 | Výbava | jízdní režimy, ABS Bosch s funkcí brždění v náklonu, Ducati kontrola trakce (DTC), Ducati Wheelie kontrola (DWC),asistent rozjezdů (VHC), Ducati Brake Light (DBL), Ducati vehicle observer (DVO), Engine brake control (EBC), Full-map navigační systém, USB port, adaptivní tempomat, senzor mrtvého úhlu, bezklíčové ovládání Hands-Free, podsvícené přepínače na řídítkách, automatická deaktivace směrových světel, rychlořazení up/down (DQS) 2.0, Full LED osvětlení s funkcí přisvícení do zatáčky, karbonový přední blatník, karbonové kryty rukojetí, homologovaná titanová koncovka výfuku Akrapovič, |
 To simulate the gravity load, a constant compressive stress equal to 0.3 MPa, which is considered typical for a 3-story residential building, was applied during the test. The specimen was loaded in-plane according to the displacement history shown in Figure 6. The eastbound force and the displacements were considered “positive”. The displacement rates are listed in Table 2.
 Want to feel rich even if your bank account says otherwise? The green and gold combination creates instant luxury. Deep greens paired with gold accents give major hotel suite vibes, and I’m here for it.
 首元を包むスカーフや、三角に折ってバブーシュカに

※ ※ ※

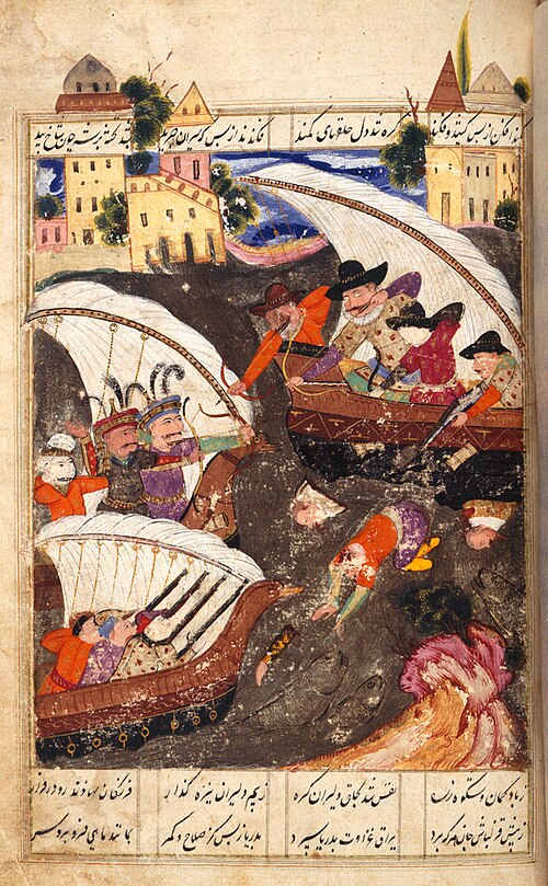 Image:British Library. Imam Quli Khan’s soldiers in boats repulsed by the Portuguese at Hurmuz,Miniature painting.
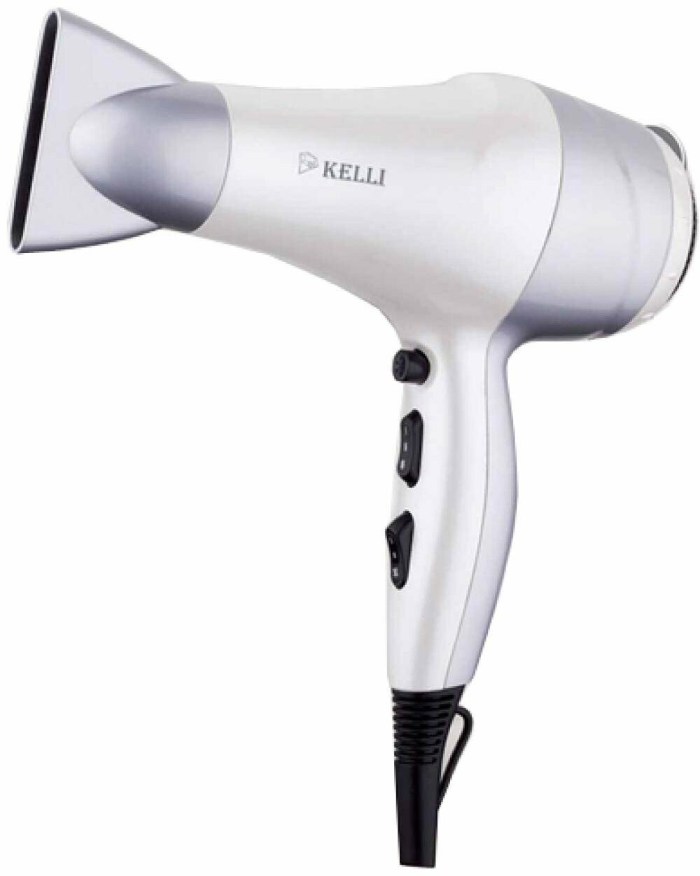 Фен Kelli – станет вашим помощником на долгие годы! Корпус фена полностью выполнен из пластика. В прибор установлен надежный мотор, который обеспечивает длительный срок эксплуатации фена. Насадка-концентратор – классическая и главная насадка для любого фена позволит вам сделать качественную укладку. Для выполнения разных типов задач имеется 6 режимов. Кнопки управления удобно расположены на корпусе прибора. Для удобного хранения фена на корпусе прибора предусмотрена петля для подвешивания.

※ ※ ※

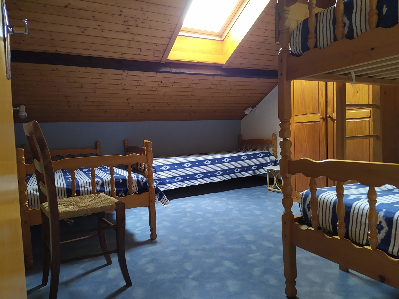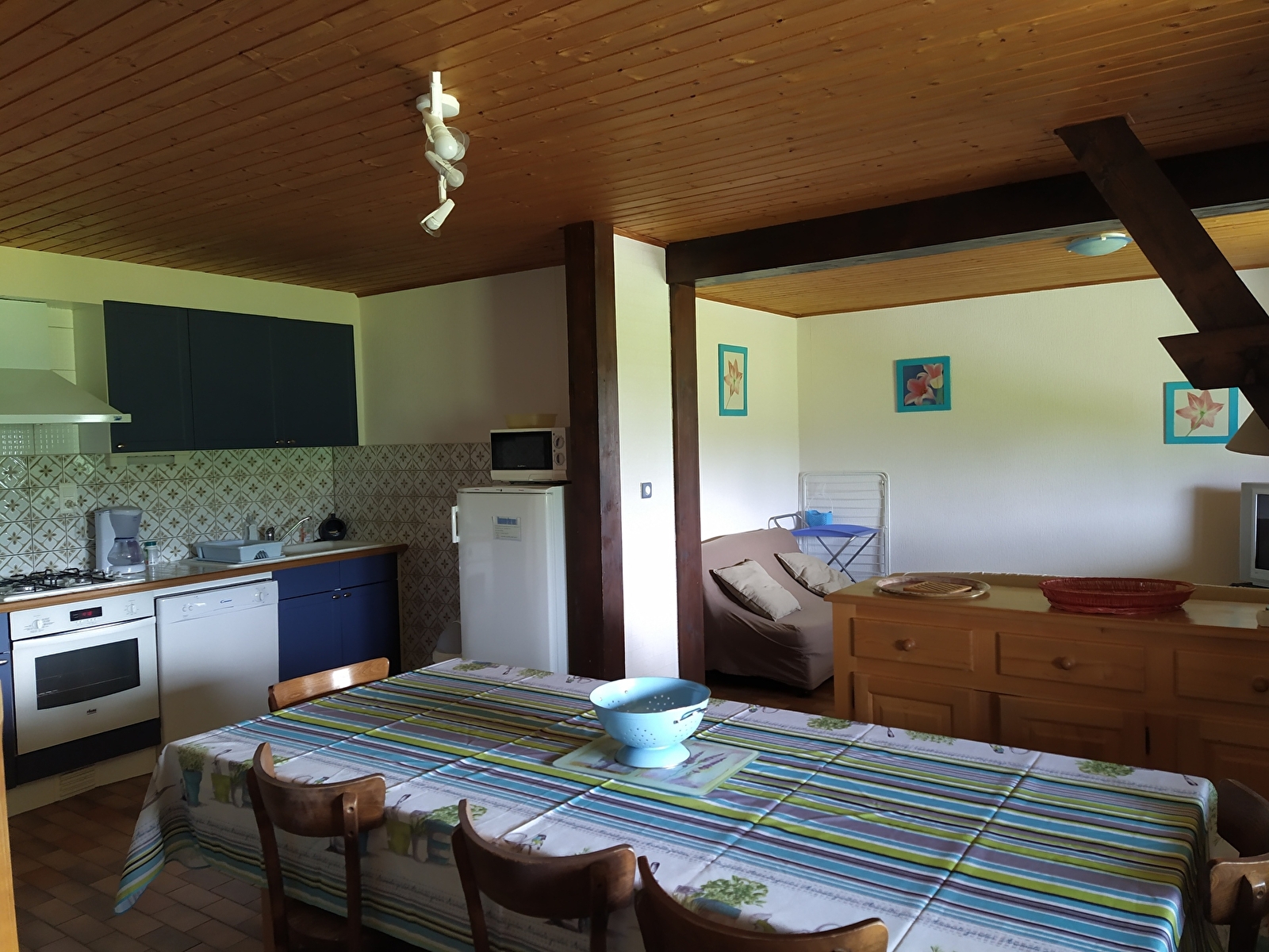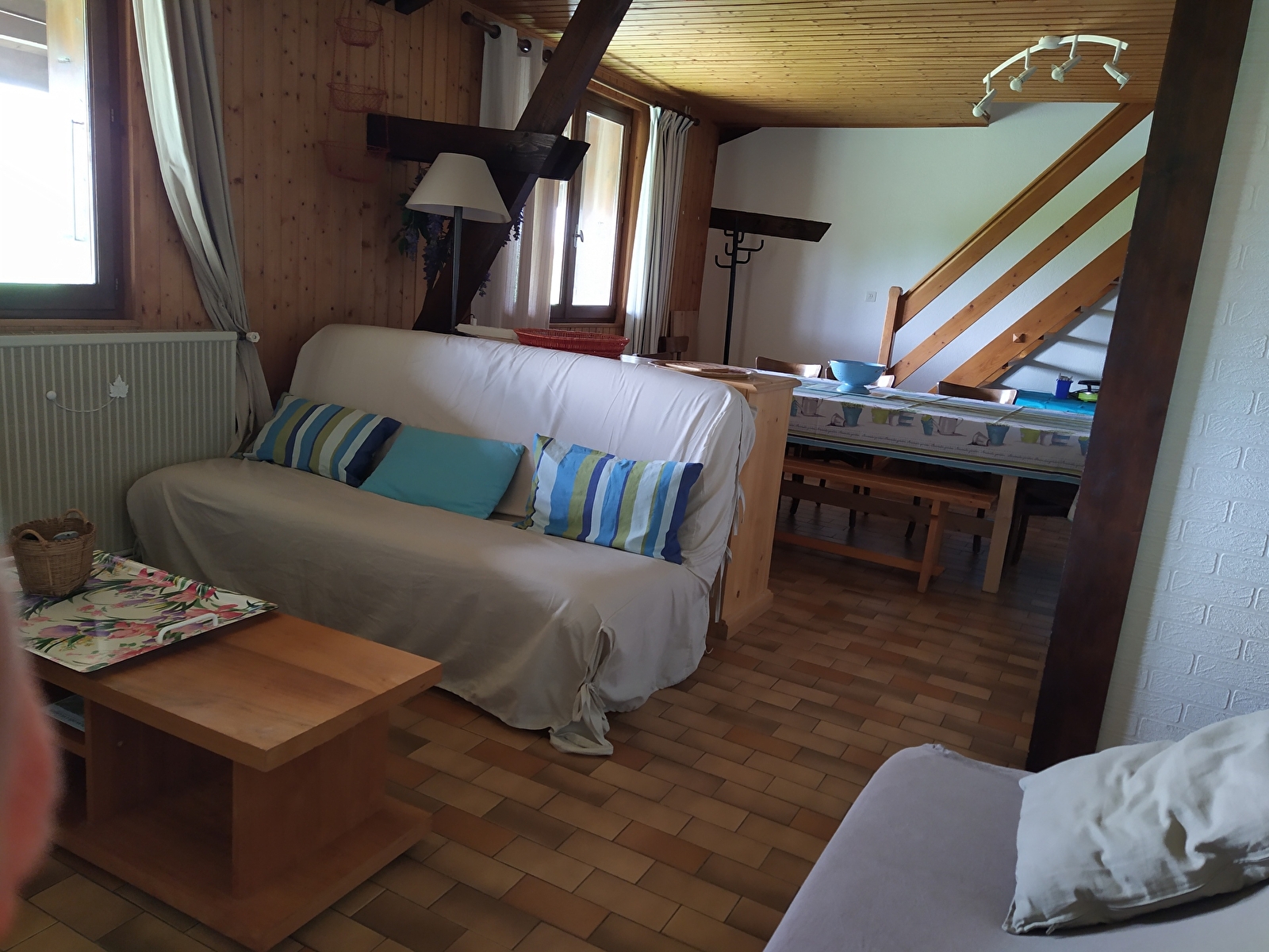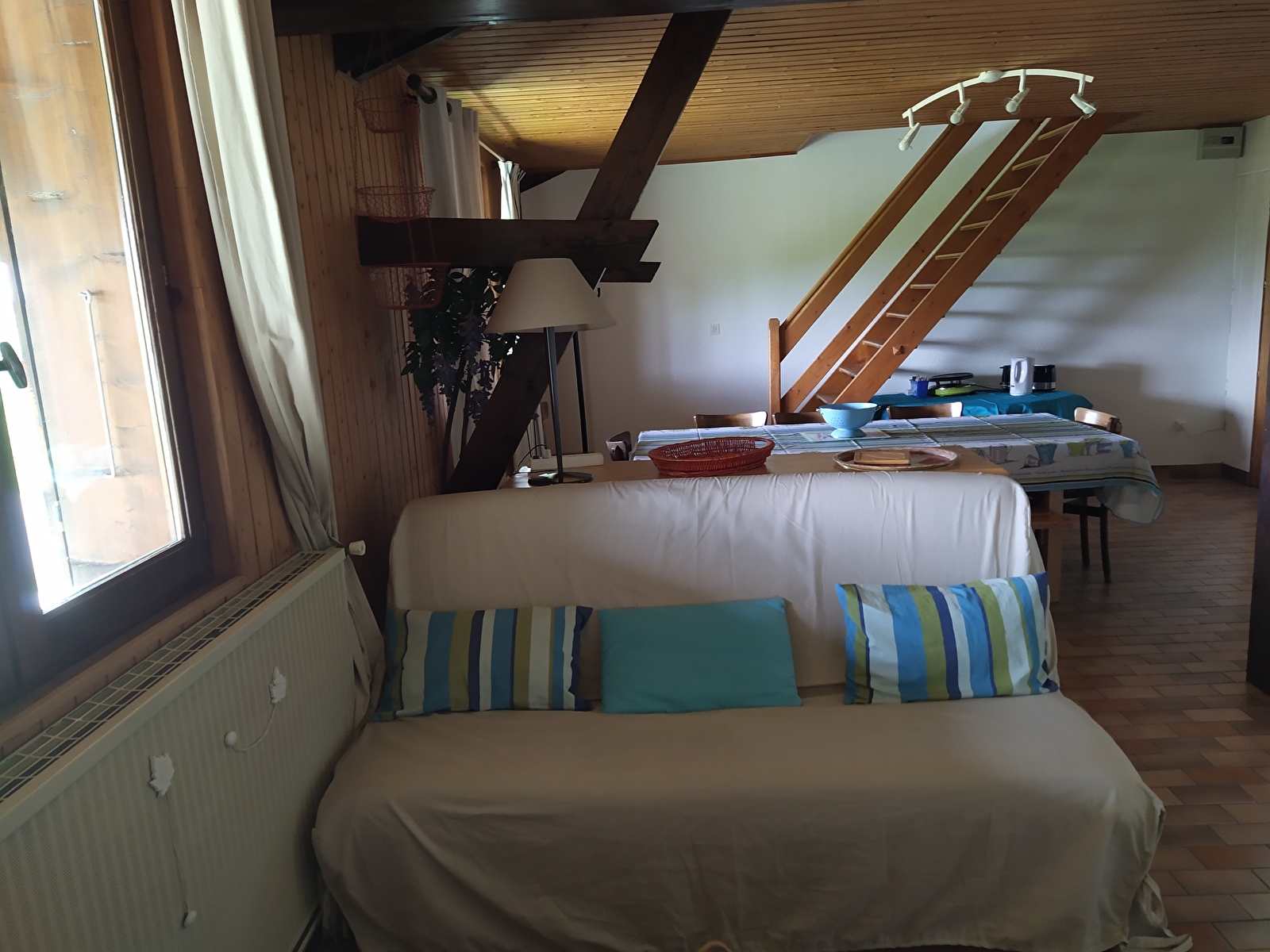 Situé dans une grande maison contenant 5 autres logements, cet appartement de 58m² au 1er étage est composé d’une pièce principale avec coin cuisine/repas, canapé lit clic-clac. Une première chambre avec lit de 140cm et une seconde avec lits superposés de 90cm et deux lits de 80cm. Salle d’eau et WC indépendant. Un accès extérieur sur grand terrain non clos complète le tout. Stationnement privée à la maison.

※ ※ ※

■ Activity
Going by the data above, give back only the lines from the one containing "Image:British Library. Imam" through the one containing "Фен Kelli –", exactly as they stand, both ends included and no images.

■ Written answer
 Image:British Library. Imam Quli Khan’s soldiers in boats repulsed by the Portuguese at Hurmuz,Miniature painting.
 Фен Kelli – станет вашим помощником на долгие годы! Корпус фена полностью выполнен из пластика. В прибор установлен надежный мотор, который обеспечивает длительный срок эксплуатации фена. Насадка-концентратор – классическая и главная насадка для любого фена позволит вам сделать качественную укладку. Для выполнения разных типов задач имеется 6 режимов. Кнопки управления удобно расположены на корпусе прибора. Для удобного хранения фена на корпусе прибора предусмотрена петля для подвешивания.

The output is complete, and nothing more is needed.